Get past that, and you’re mostly in for a great time, as Young Adventurer Bill Hamilton gets caught up in another rousing yarn which actually manages to provide more than a little disquiet along the way.  Breaking down near the isolated township of San Sajedo while on a lads’ driving holiday in Spain — though published in 1937, the story is set prior to the Spanish civil war — Hamilton and his three confrères happen upon the house of Celia Trent and her aunt and — under three nights of a full moon — are on the scene just as madness and bloody murder break out.  First a local woman, then two members of the Spanish guardia are dispatched by an unseen howling beast, with one of the men managing to gasp out with his dying breath that it was “something like a wolf” before perishing from bloody wounds that will become all too familiar:

I am not going into details; I shall simply say this.  Knives, daggers, stilettoes, anything of that nature was out of the question.  The same applied to strangulation by rope, cloth, or wire.  Throttling by the fingers could not possibly have lacerated the throat to that extent.  It was patently ans sickeningly obvious that teeth — that sharp and powerful fangs had been employed…

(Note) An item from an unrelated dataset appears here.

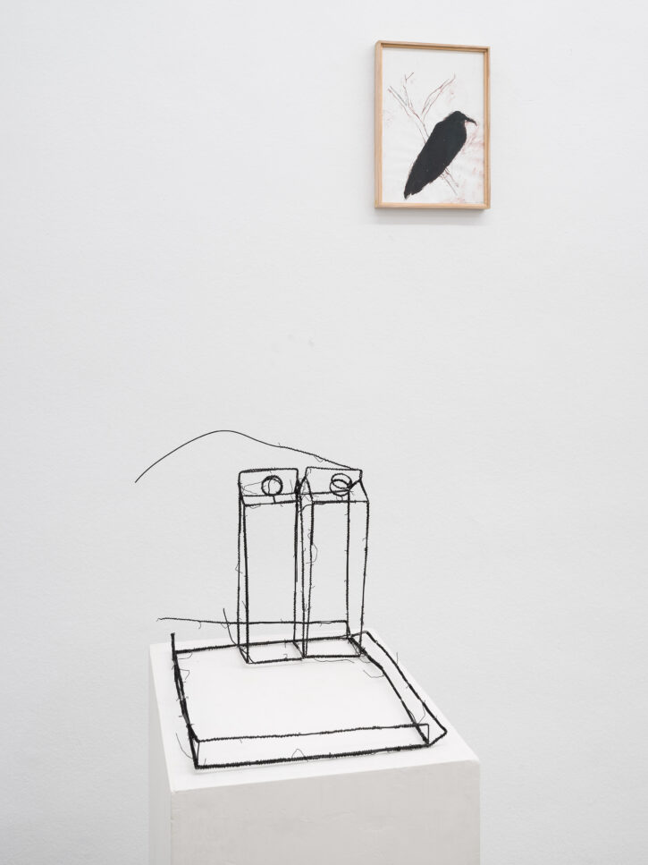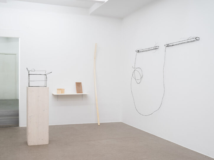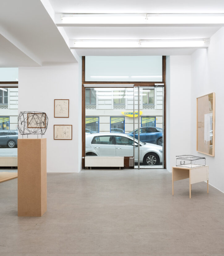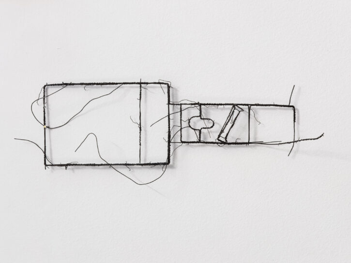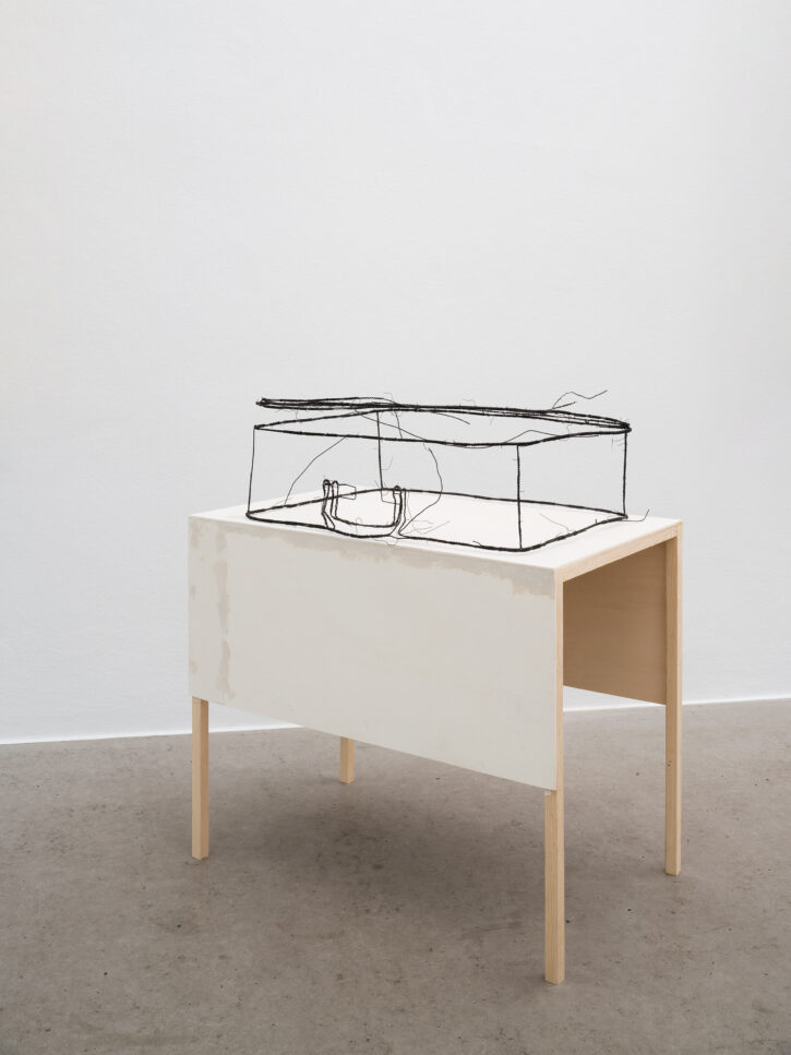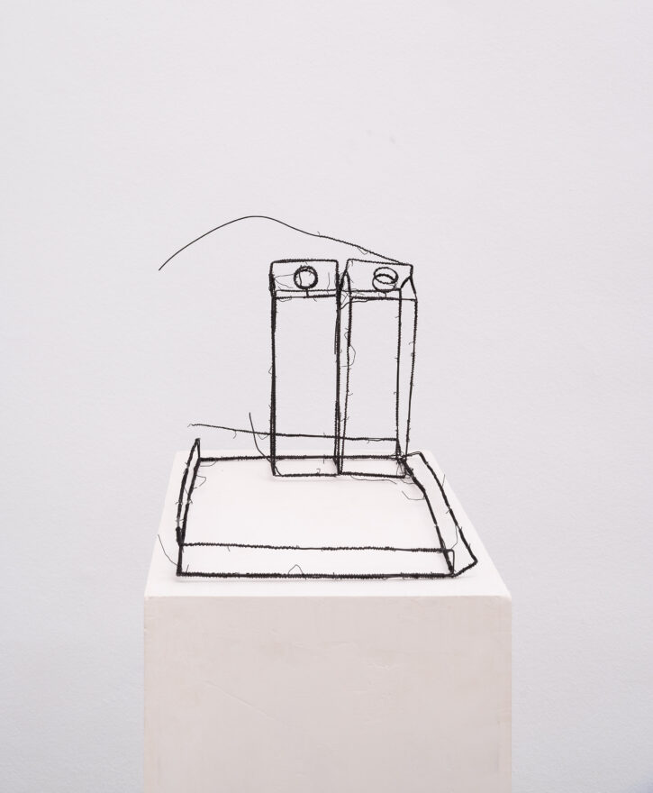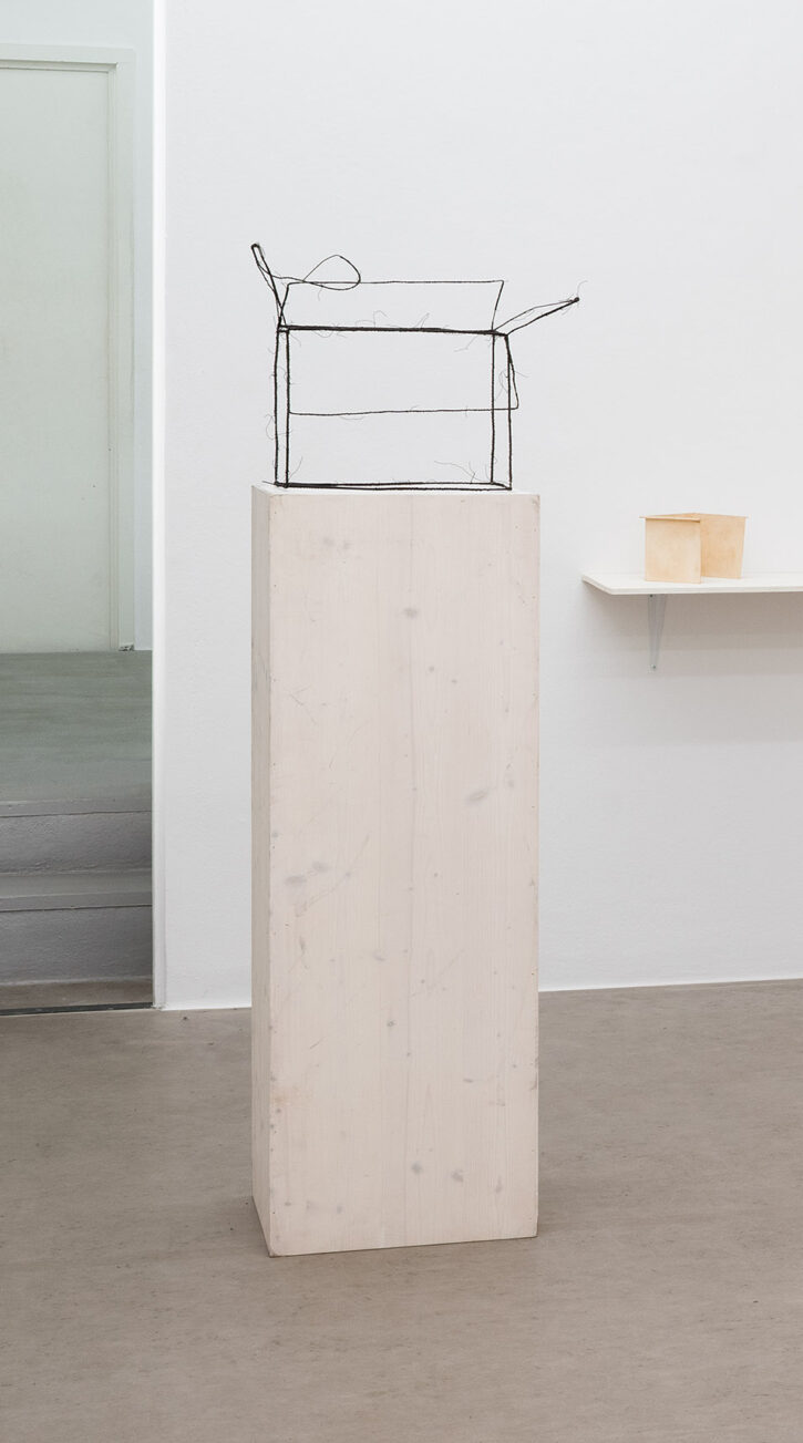 Die ersten Drahtskulpturen sind im Jahr 2000 entstanden. Ich nenne sie dreidimensionale Zeichnungen. Zum Beispiel ein Reisekoffer, eine Schuhschachtel, ein Waschbecken, ein Plattenspieler, eine Wiener Würfeluhr. Draht hat weniger Körper als Karton. Was in der Skulptur bleibt, ist der Strich der Zeichnung.

And so begins the slow process by which terror begins to grip the valley, as the notion of a beast not quite wolf and not quite man dawns across the minds of all involved.  We of course know that’s not what it’s going to be, but it’s pleasing to see that the process of elimination, ratiocination, and bargaining by which the conclusion is eventually reached hold up to modern scrutiny — if anything, the desire to leap two-footed into such a conclusion is fought off for as long as reason can prevail, but circumstances will contrive that even the most sceptical man is soon fearful of that blood-freezing howl…crikey, the events of chapter 11 even gave me the heebie-jeebies.

We’re still more Adventure than Detection here, but Berrow mostly handles things with remarkable assurance.  The combination of event and speculation is well-juggled, and he captures the escalating sense of terror amidst the locals and British engineers alike with smartly-mounted aplomb, displaying an almost Carrian gift for juggling the atmospheric blank unease…:

The Wolf jumped overnight from a vague menace to a thundercloud from Hell, colossal, malignant, inevitable, heavy with unnameable terrors against which there was no natural defence … Scores of people saw it in the blackness of the night; still more saw it, in full cry, silhouetted against the moon.  Descriptions varied.  it was a black, shapeless monster, huge beyond belief; it was in the likeness of a wolf, but with the head of a man, that walked upright with a livid aura about it, and flame and smoke shot from mouth and nostrils as it breathed; it was in the likeness of a man, but with the head of a wolf, and it vanished as you looked, and those who saw it became afflicted with burning pains in the neck, as if their throats were open and running blood…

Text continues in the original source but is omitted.